Each line below should be retyped exactly, with no pictures.

◆ INFORMATION SHOWN ◆

Segment Open

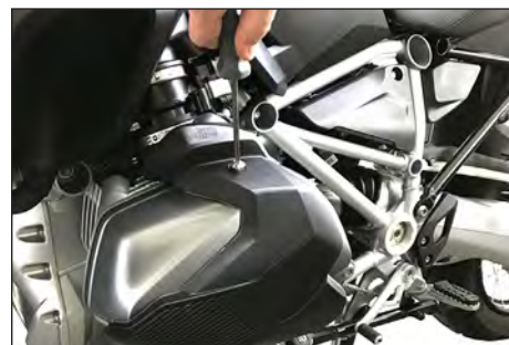
5 Align the upper mounting hole with the mount on the engine, and fasten with one T25 Torx screw.
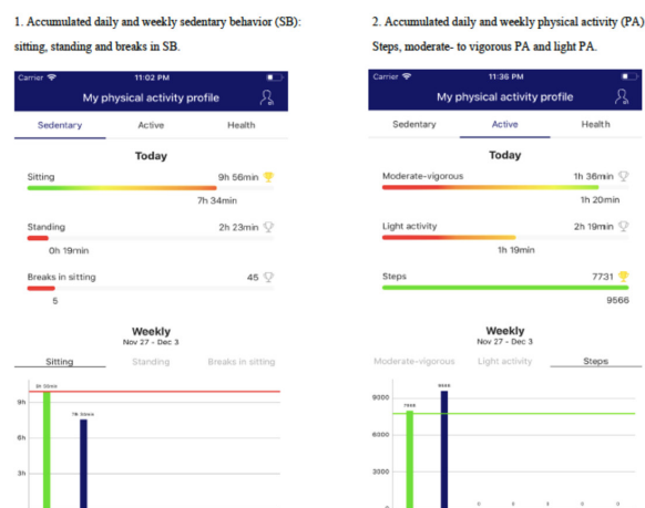
Figure 2 The contacts with the eHealth intervention patient and the view of the ExSed application for eHealth intervention patients.

goals online to make them more suitable for each patient (figure 2).

Segment Closed

◆ OUTPUT FOR THIS TASK ◆
5 Align the upper mounting hole with the mount on the engine, and fasten with one T25 Torx screw.
Figure 2 The contacts with the eHealth intervention patient and the view of the ExSed application for eHealth intervention patients.

goals online to make them more suitable for each patient (figure 2).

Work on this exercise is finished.